Please reproduce the data exactly and omit the pictures.

*RECORDED INFORMATION*.
-*-
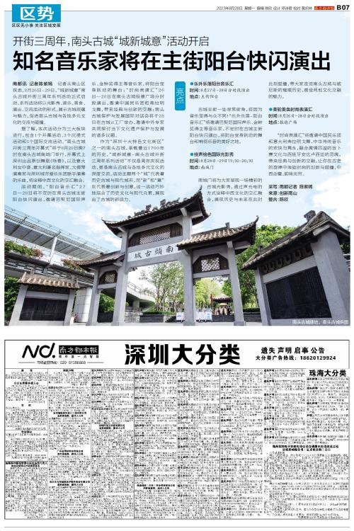 南都讯 记者陈紫嫣 记者从南山区获悉,8月26日-29日,“城新城意”南头古城开街三周年系列活动正式启动。系列活动将以光影秀、音乐、美食、演出、交流活动的形式,展示古城底蕴与魅力,促进南头古城与各
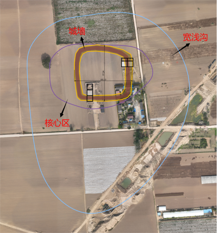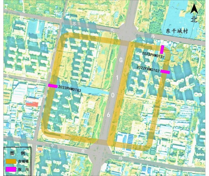 邓州古城遗址F2、L2、F3全景图(上为西)
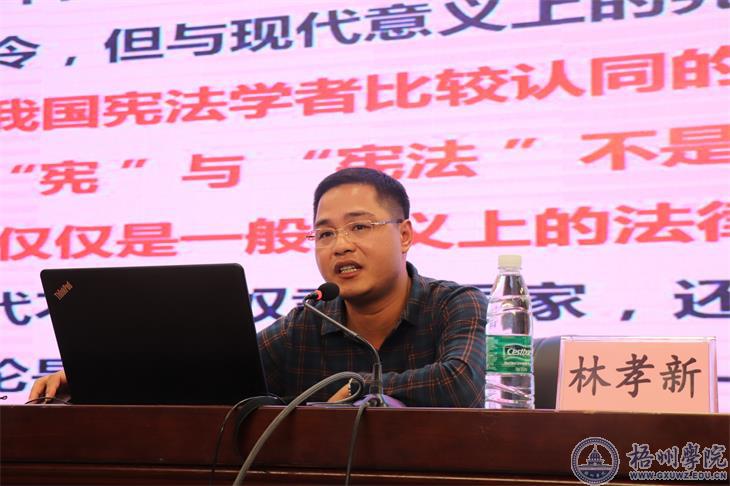 林孝新从坚持中国共产党的领导是人民的历史选择、依宪治国是历史的必然和现实的选择、坚持党的领导与依宪治国双促互强三个方面对坚持党的领导与依宪治国的辩证关系进行了讲解。他在宣讲中指出,社会主义法治必须坚持党的领导,党的领导必须依靠社会主义法治,党和法、党的领导和依法治国是高度统一的。他表示,希望大家做尊法的模范,带头尊崇、敬畏宪法法律;做学法的模范,带头了解、掌握宪法法律;做守法的模范,带头遵守宪法,捍卫法治;做用法的模范,带头运用宪法、依法办事。
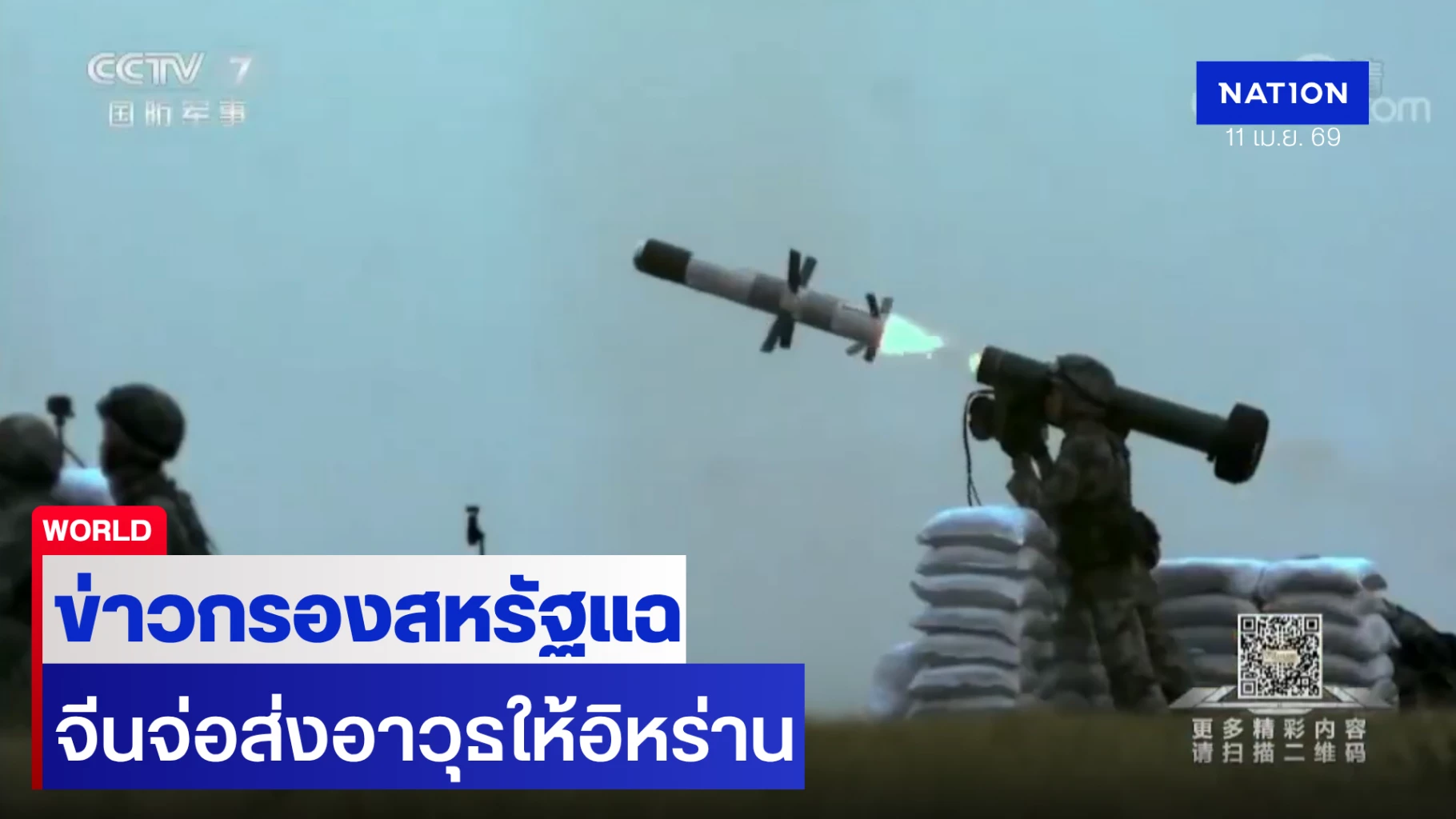 11 เมษายน 2569 รายงานเอ็กซ์คลูซีฟของสำนักข่าว CNN ที่อ้างหน่วยข่าวกรองของสหรัฐฯ ระบุว่า จีนกำลังเตรียมจัดส่งอาวุธ ระบบป้องกันภัยทางอากาศใหม่ให้กับอิหร่าน ภายในอีกไม่กี่สัปดาห์ข้างหน้า ซึ่งน่าจะเป็นการเคลื่อนไหวที่ยั่วยุ เนื่องจากจีนอ้างตัวว่า มีส่วนช่วยในการไกล่เกลี่ยข้อตกลงหยุดยิงที่เปราะบาง ซึ่งระงับสงครามระหว่างอิหร่านและสหรัฐฯ เมื่อต้นสัปดาห์นี้ และประธานาธิบดีโดนัลด์ ทรัมป์ ของสหรัฐฯ ก็มีกำหนดเยือนจีนต้นเดือนหน้า เพื่อประชุมสุดยอดกับประธานาธิบดีสีจิ้นผิง
-*-
*SOLVED PROBLEM*.
 南都讯 记者陈紫嫣 记者从南山区获悉,8月26日-29日,“城新城意”南头古城开街三周年系列活动正式启动。系列活动将以光影秀、音乐、美食、演出、交流活动的形式,展示古城底蕴与魅力,促进南头古城与各
 邓州古城遗址F2、L2、F3全景图(上为西)
 林孝新从坚持中国共产党的领导是人民的历史选择、依宪治国是历史的必然和现实的选择、坚持党的领导与依宪治国双促互强三个方面对坚持党的领导与依宪治国的辩证关系进行了讲解。他在宣讲中指出,社会主义法治必须坚持党的领导,党的领导必须依靠社会主义法治,党和法、党的领导和依法治国是高度统一的。他表示,希望大家做尊法的模范,带头尊崇、敬畏宪法法律;做学法的模范,带头了解、掌握宪法法律;做守法的模范,带头遵守宪法,捍卫法治;做用法的模范,带头运用宪法、依法办事。
 11 เมษายน 2569 รายงานเอ็กซ์คลูซีฟของสำนักข่าว CNN ที่อ้างหน่วยข่าวกรองของสหรัฐฯ ระบุว่า จีนกำลังเตรียมจัดส่งอาวุธ ระบบป้องกันภัยทางอากาศใหม่ให้กับอิหร่าน ภายในอีกไม่กี่สัปดาห์ข้างหน้า ซึ่งน่าจะเป็นการเคลื่อนไหวที่ยั่วยุ เนื่องจากจีนอ้างตัวว่า มีส่วนช่วยในการไกล่เกลี่ยข้อตกลงหยุดยิงที่เปราะบาง ซึ่งระงับสงครามระหว่างอิหร่านและสหรัฐฯ เมื่อต้นสัปดาห์นี้ และประธานาธิบดีโดนัลด์ ทรัมป์ ของสหรัฐฯ ก็มีกำหนดเยือนจีนต้นเดือนหน้า เพื่อประชุมสุดยอดกับประธานาธิบดีสีจิ้นผิง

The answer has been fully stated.